The problem with that strategy is that they don't get MS's support payments, nor do they claim the #1 position for that OS. I highly doubt that the removal of Symbian from Nokia's high end devices hurt their sales much at all. Symbian's marketshare came overwhelmingly from lower end devices, and at the time apps didn't matter there.
In 2009, Apple had 99.4% of app sales, despite
Symbian having ~50% smartphone share. No devs cared for it, so the only people buying phones with Symbian were those that didn't care about apps, which was a declining demographic.
Look at the data:
Can you honestly say it looks like Elop accelerated Symbian's decline at all?
Widespread app development is a critical part to long term success. Apple had the first mover advantage (and for a long time it was gargantuan, given their relatively affluent user base), but wanted to remain a high end, high margin company. Google swooped in with a free product in a timely manner. These two could've been the only two significant players in the market, with nobody else offering any meaningful advantage and devs having no reason to care about other platforms.

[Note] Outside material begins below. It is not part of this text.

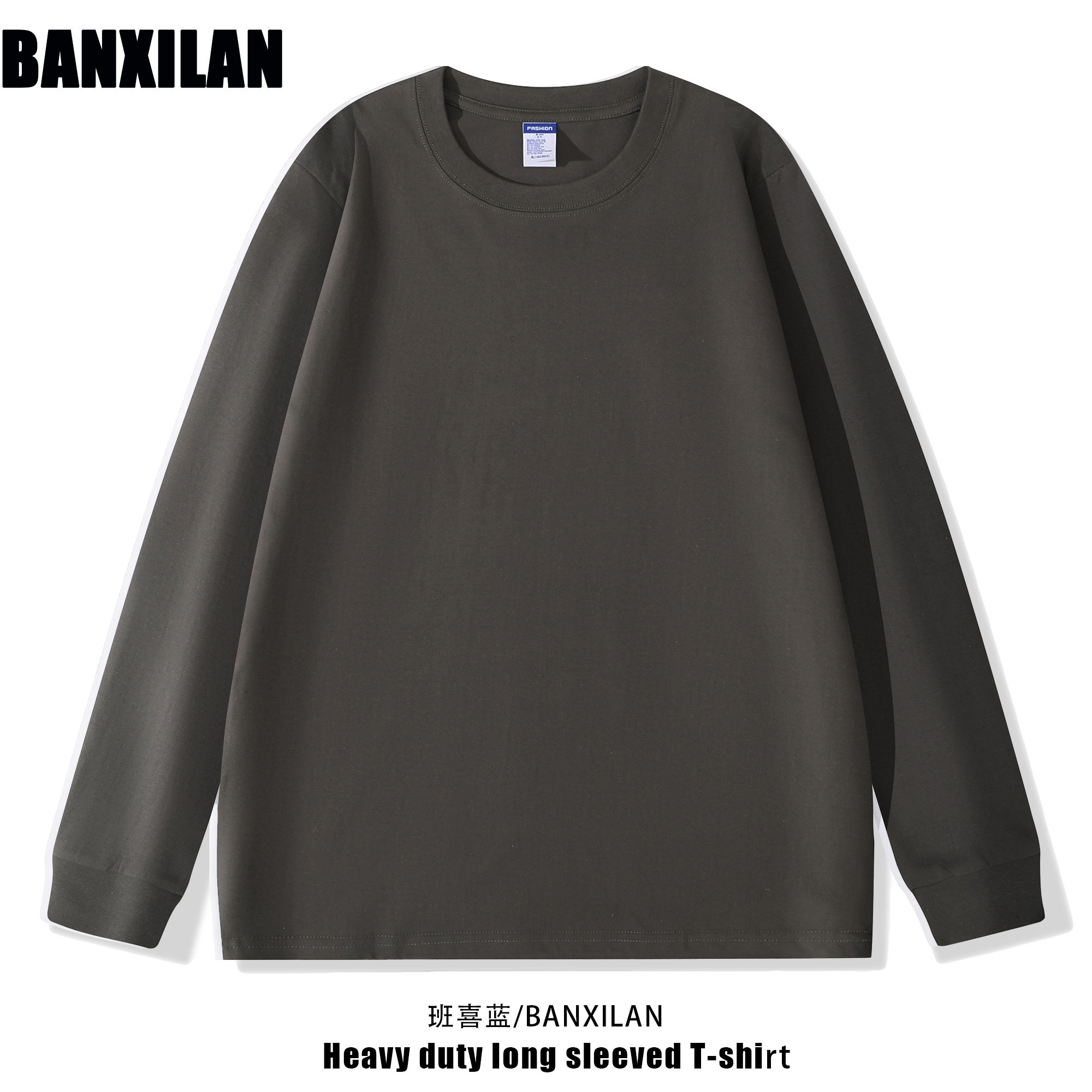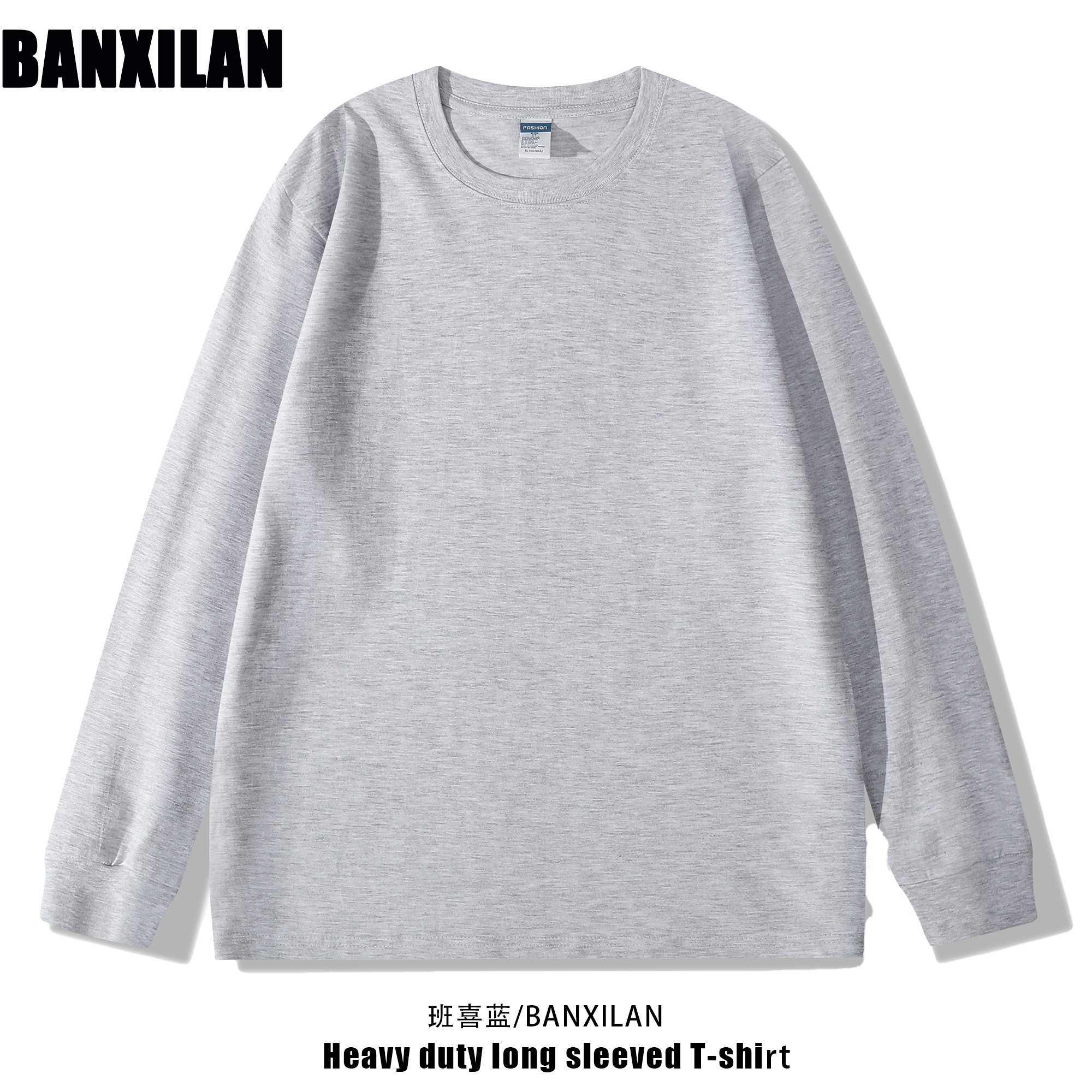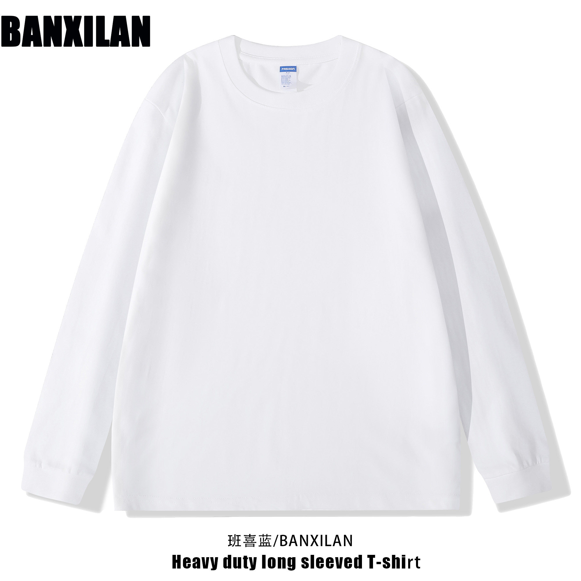 BANXILAN美式潮牌重磅纯棉长袖T恤男女百搭宽松纯色上衣打底衫

The only reason MS had a chance to be a third player was their unified Win8 kernel/UI strategy. Devs have a solid incentive to make apps for all types of devices running Windows - laptops, tablets, and smartphones (and MS is throwing cash their way as well). BB and Symbian, MeeGo, Tizen, etc all had zero or nearly zero share of app sales in 2010 (hell, even Android was only at 10%, despite the OS marketshare being decent), and didn't have this trojan horse that MS does, so devs had little incentive to develop for them and that won't change in the future.
Android and WP were Nokia's only choices. Nokia wanted to take a gamble to stand out from the crowd, and MS paid them to do it. I can't say definitively that WP was the better choice over Android, as maybe Nokia could pull of a hardware or marketing miracle that LG/HTC/Sony/Motorola couldn't in their bid to unseat Samsung; however, I can say there is little to support the notion that Symbian/Meego had any chance in hell.